__Work task__:
Every record below must be returned word for word, with the pictures left out.

Records from a data source

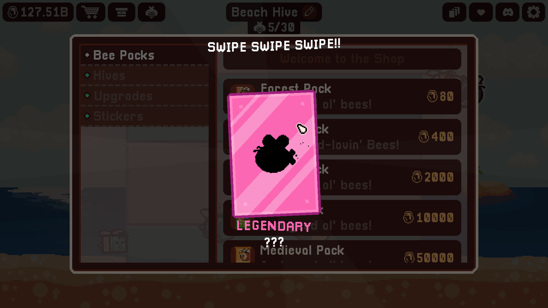 Even though I knew exactly what I was signing up for, I was still disappointed here. This game has very bad quality of life, and some baffling UI decisions. Some things are strangely laggy for no good reason. Your passive income only updates the counter once a minute or so (seriously?). The rosters of your hives and bees are awful to menu through with oddly placed buttons and getting stuck on empty pages that shouldn’t even be present. Feeding is laborious with strange hitboxes on the food and bee behavior ensuring your babies will slowly fly circles around the food and waste time. The balancing of the game means the optimal way to play is to sit there opening packs (slow and bad, why does discarding take forever?), feeding (bad), and selling (annoying) until you can afford the next hive, for a dozen hours on end, with no variation. The bee designs are strangely uninspired and arbitrary (at least chillquarium has real fish). There is no good incentive to play this game at the best of times, but once you’ve seen all the bees, there’s really absolutely nothing there at all.
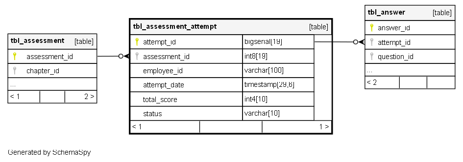 | attempt_id | bigserial | 19 | √ | nextval('tbl_assessment_attempt_attempt_id_seq'::regclass) |
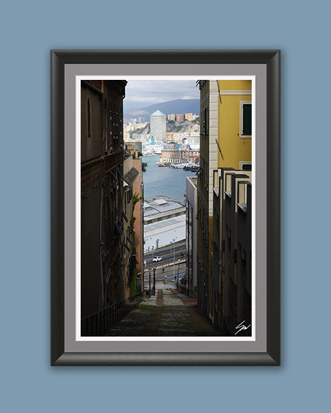 Exploring this narrow cobblestone pathway leads you down to the port. In the distance, the hills roll away, opening the scene to touch the sky and the horizon. The exact pinpoint where city and nature merge.
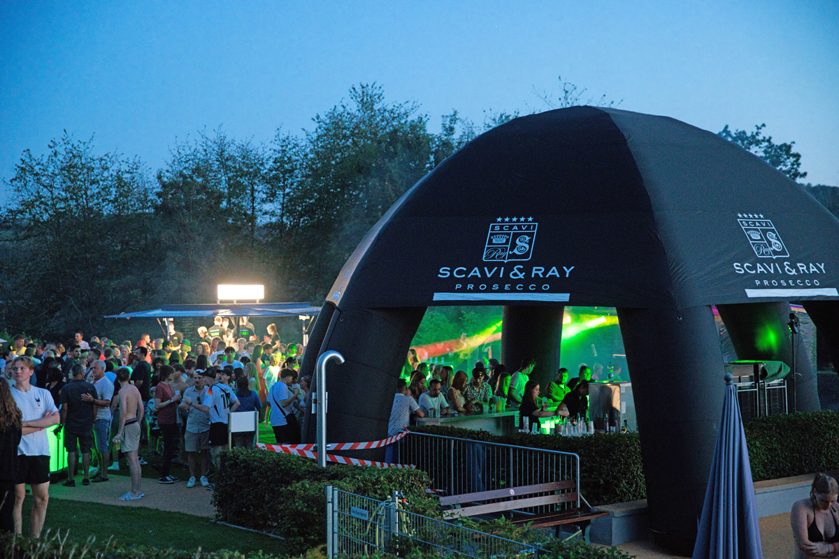 Doch am Samstag wurde erstmal fröhlich gefeiert bis in die Nacht hinein. Und wer wollte, konnte sich immer wieder im Schwimmbecken abkühlen. Cocktails, Getränke und Pommes und andere Snacks rundeten das feuchtfröhliche Spektakel ab. Im Verein arbeiten rund 60 ehrenamtliche Helferinnen und Helfer. Matthias Haas hob vor allem das Orga-Team mit Steffi, Petra und Anke hervor. „Sie sind seit Jahren eingespielt, ich kann ihnen nicht genug danken für ihren Einsatz“.
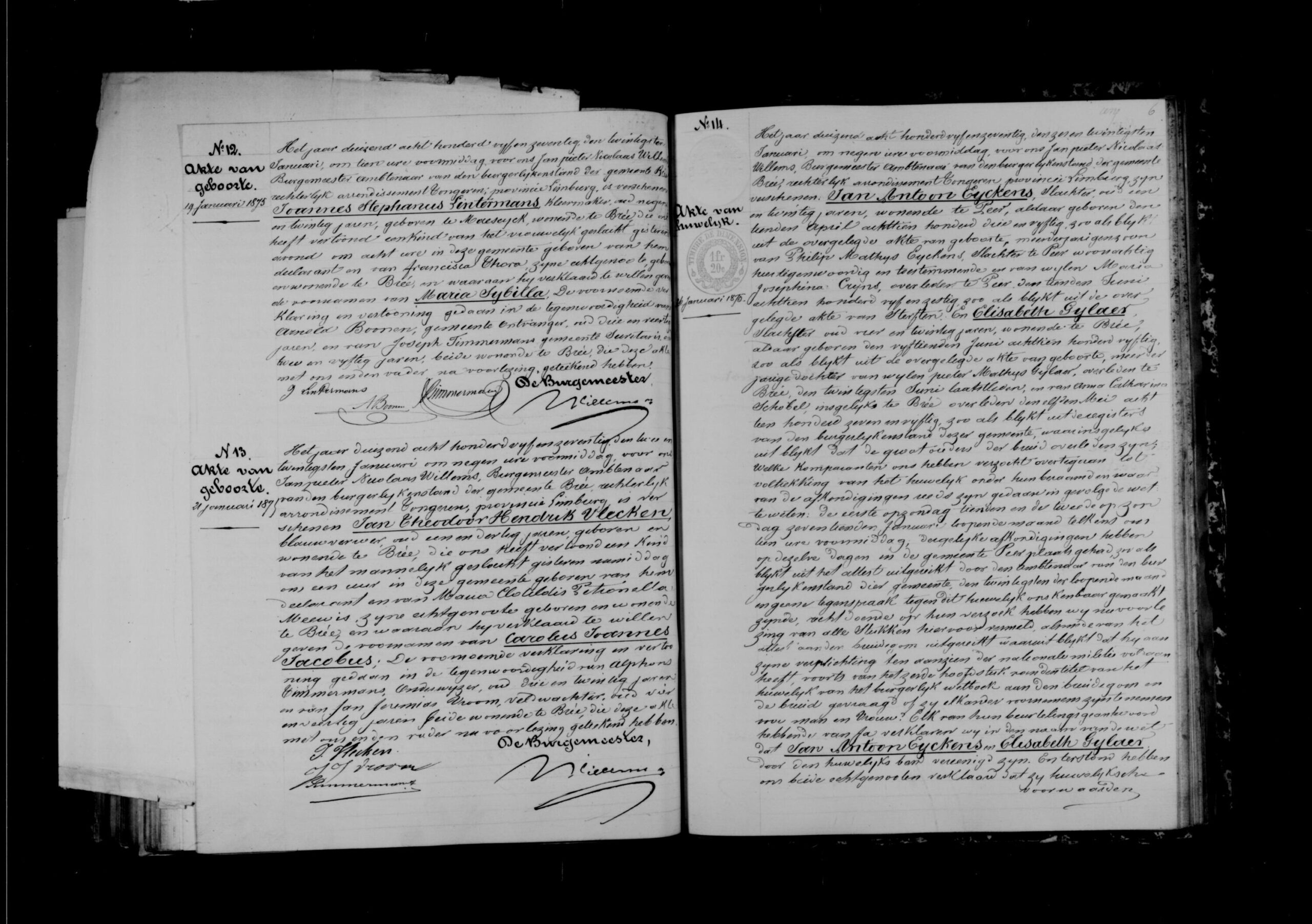 Getuigen: Arnold Boonen, 43 jaar oud, gemeenteontvanger uit Bree en Joseph Timmermans, 52 jaar oud, gemeentesecretaris uit Bree.

__Reply__:
 Even though I knew exactly what I was signing up for, I was still disappointed here. This game has very bad quality of life, and some baffling UI decisions. Some things are strangely laggy for no good reason. Your passive income only updates the counter once a minute or so (seriously?). The rosters of your hives and bees are awful to menu through with oddly placed buttons and getting stuck on empty pages that shouldn’t even be present. Feeding is laborious with strange hitboxes on the food and bee behavior ensuring your babies will slowly fly circles around the food and waste time. The balancing of the game means the optimal way to play is to sit there opening packs (slow and bad, why does discarding take forever?), feeding (bad), and selling (annoying) until you can afford the next hive, for a dozen hours on end, with no variation. The bee designs are strangely uninspired and arbitrary (at least chillquarium has real fish). There is no good incentive to play this game at the best of times, but once you’ve seen all the bees, there’s really absolutely nothing there at all.
 | attempt_id | bigserial | 19 | √ | nextval('tbl_assessment_attempt_attempt_id_seq'::regclass) |
 Exploring this narrow cobblestone pathway leads you down to the port. In the distance, the hills roll away, opening the scene to touch the sky and the horizon. The exact pinpoint where city and nature merge.
 Doch am Samstag wurde erstmal fröhlich gefeiert bis in die Nacht hinein. Und wer wollte, konnte sich immer wieder im Schwimmbecken abkühlen. Cocktails, Getränke und Pommes und andere Snacks rundeten das feuchtfröhliche Spektakel ab. Im Verein arbeiten rund 60 ehrenamtliche Helferinnen und Helfer. Matthias Haas hob vor allem das Orga-Team mit Steffi, Petra und Anke hervor. „Sie sind seit Jahren eingespielt, ich kann ihnen nicht genug danken für ihren Einsatz“.
 Getuigen: Arnold Boonen, 43 jaar oud, gemeenteontvanger uit Bree en Joseph Timmermans, 52 jaar oud, gemeentesecretaris uit Bree.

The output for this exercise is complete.